In this work, the modelling problems of how claim counts, claim amounts, and average loss per claim are related to major risk factors in auto insurance rate regulation were considered. The major risk factors include accident year, reporting year, territory, coverage, and Size-of-Loss. Artificial neural network models were applied within the problem, and variable importance measures were introduced to improve the model explainability. The obtained results from different approaches of using weight values of ANN to measure the variable importance were compared, and the most dominant risk factors were identified. Through the study, we found that the variable importance measures by the Garson algorithm or Olden function can help identify the critical variables that contribute to explaining the variation of the response variable in ANN models. The obtained results were not necessarily consistent, since the variable importance measures make use of the different sources of information from the fitted model.
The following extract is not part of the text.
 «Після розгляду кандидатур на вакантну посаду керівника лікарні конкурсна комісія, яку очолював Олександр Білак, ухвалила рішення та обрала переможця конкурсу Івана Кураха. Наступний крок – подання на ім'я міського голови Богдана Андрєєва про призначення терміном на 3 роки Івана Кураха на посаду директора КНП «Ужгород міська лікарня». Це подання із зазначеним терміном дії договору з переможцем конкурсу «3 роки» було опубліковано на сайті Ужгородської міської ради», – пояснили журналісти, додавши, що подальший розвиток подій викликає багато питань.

However, our study shows that both Size-of-Loss and coverage are two crucial factors for claim counts, claim amounts, and average loss per claim. This finding is based on the selected low-complexity ANN model, in which the Garson algorithm is applicable.
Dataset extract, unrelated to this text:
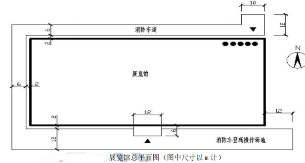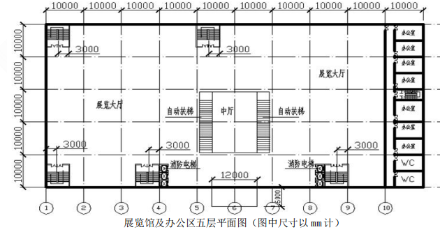 某市拟建一古生物展览馆,每层层高6.0m,室内外高差1.0m,共5层,女儿墙高度1.2m,钢结构。上面是北方向。具体平面布置如图所示,建筑主入口设在南面外墙中间,门厅长12m,宽6m。总平面图如图所示,图中单位以m计。本工程东侧6m处有一个建筑高度为14.5m的耐火等级为二级的上人屋面的办公楼。平面图柱网10m×10m,设有中厅,中厅内设有2座自动扶梯,中厅防火分隔符合规范要求。每部楼梯宽3m。五层平面示意图如图所示(窗户开设符合规范要求,没有示意出来)。

Due to the complexity and lack of model explainability, neural network models have not yet been used in auto insurance rate regulation. This work illustrates the applicability of using a small-scale network architecture for modelling the claim frequency or claim severity by balancing the model complexity and its explainability. This work demonstrates the usefulness of proposed insurance rate regulation methods, particularly from the rate-filing perspectives. Although this study focuses on analyzing major risks only, the proposed method can be applied to more general insurance pricing problems. Therefore, insurance companies may use ANN models to predict future claim losses or future claim counts by pricing groups or individuals. That is to say, this work can be extended to the case when we have many observed zeroes in the response variable. However, in this case, the logarithm transformation on the loss cost to improve model variance homogeneity is not applicable. Another key aspect of using neural networks is the choice of network architecture. This is similar to other predictive modelling approaches, which aim for the optimal model via some cross-validation to evaluate the model error and select the suitable model based on the minimum cross-validated model error. Improving model explainability was our focus. Therefore, it is not recommended to apply a large-scale network architecture unless the model is interpretable. Our approach searches ofr the optimal network architecture within a designed search space, and this idea can be generalized to risk-factor study using individual claim loss. From this study, we have seen that the Size-of-Loss is a significant risk factor. In the future, further investigation of this factor may be needed to better understand the uncertainty behind the data observation and the relationship between Size-of-Loss and other statistical measures of loss, such as loss frequency. Our future work will focus on estimating Size-of-Loss probability distribution using multivariate statistical approaches such as functional principal component analysis and finite mixture models.

Funding

This research received no external funding.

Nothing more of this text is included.